*** GIVEN DATA Section Begins ***

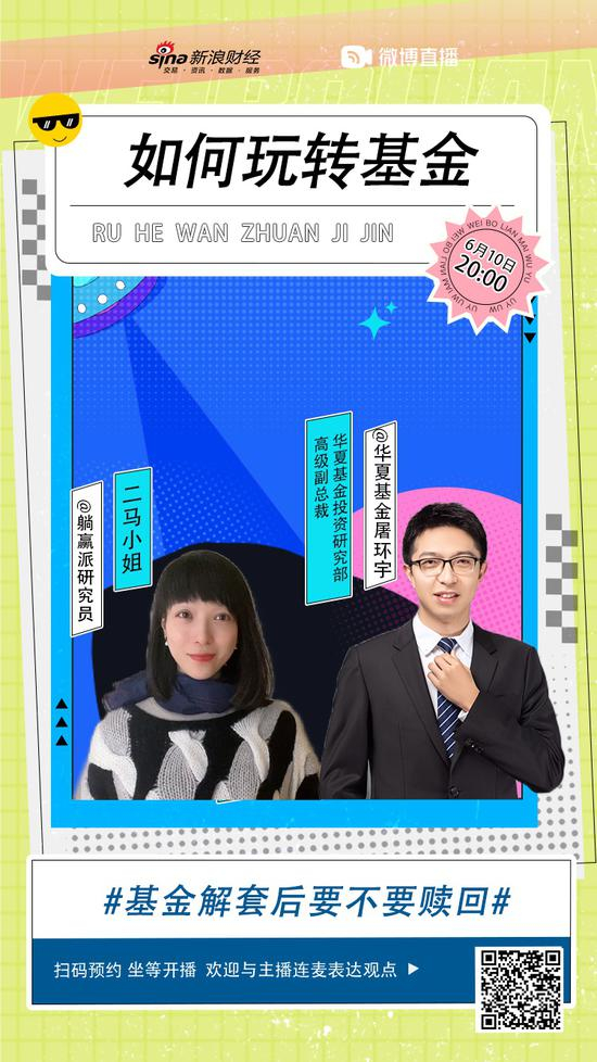 6月10日(周四)20:00,新浪财经邀请华夏基金研究部高级副总裁、基金经理屠环宇@华夏基金屠环宇,知名财经博主二马小姐@躺赢派研究员,微博连麦直播,解析下半年投资策略。关注嘉宾微博看直播。
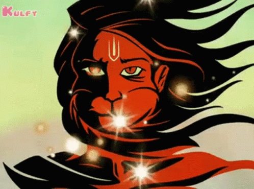 Animated depiction of Sri Bajarang Hanuman, also known as Sri Anjaneyam, with sparkling divine light effects.
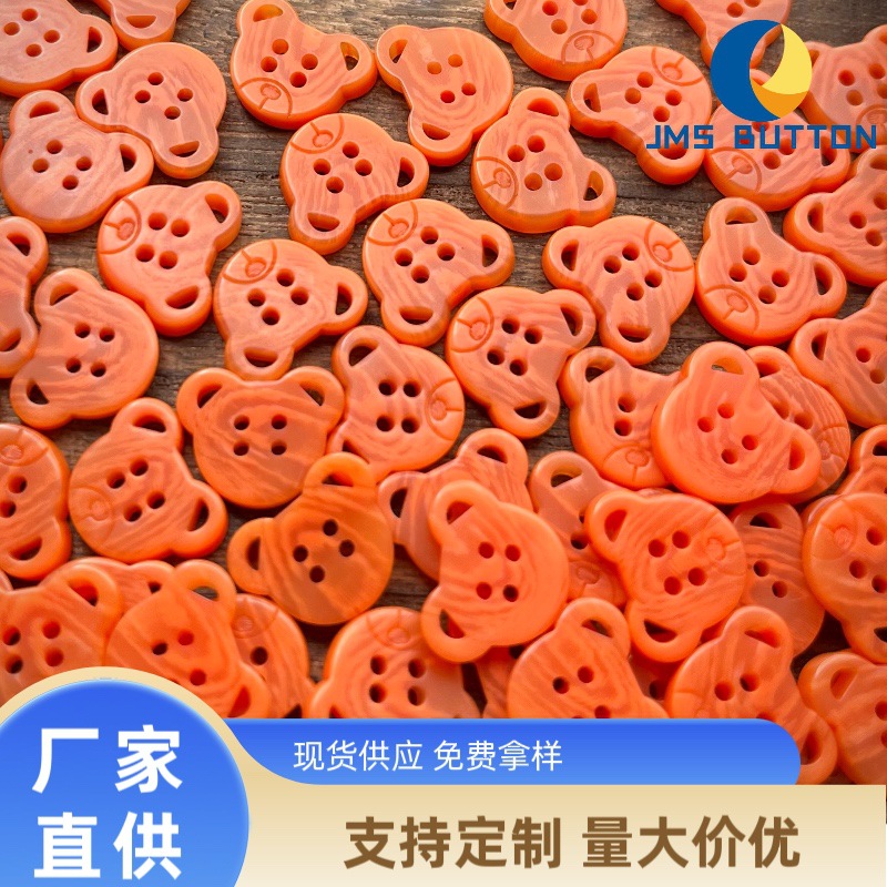 Tongkat Resin bunga beruang kancing oranye, pakaian anak-anak dekoratif gesper kardigan kardigan kartun lucu empat mata gesper jahit tangan
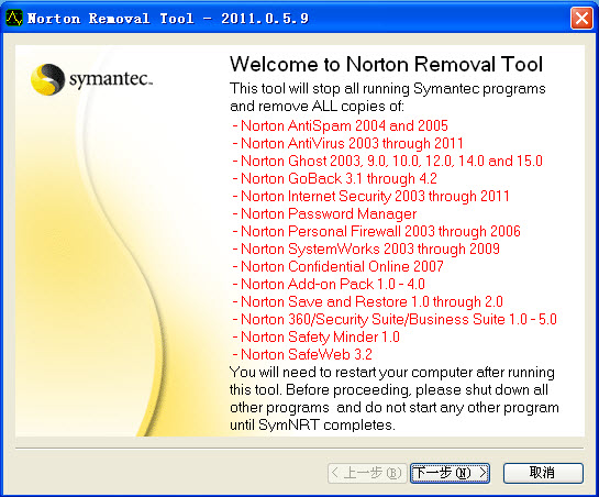諾頓卸載輔助工具 Norton Removal Toolv2012.0.5.15 官方版|

*** GIVEN DATA Section Ends ***

## INSTRUCTIONS FOR THE TASK
Could you repeat word for word only the lines from the one that contains "Animated depiction of" through the end of the listing, leaving out the pictures?

## WRITTEN SOLUTION
 Animated depiction of Sri Bajarang Hanuman, also known as Sri Anjaneyam, with sparkling divine light effects.
 Tongkat Resin bunga beruang kancing oranye, pakaian anak-anak dekoratif gesper kardigan kardigan kartun lucu empat mata gesper jahit tangan
諾頓卸載輔助工具 Norton Removal Toolv2012.0.5.15 官方版|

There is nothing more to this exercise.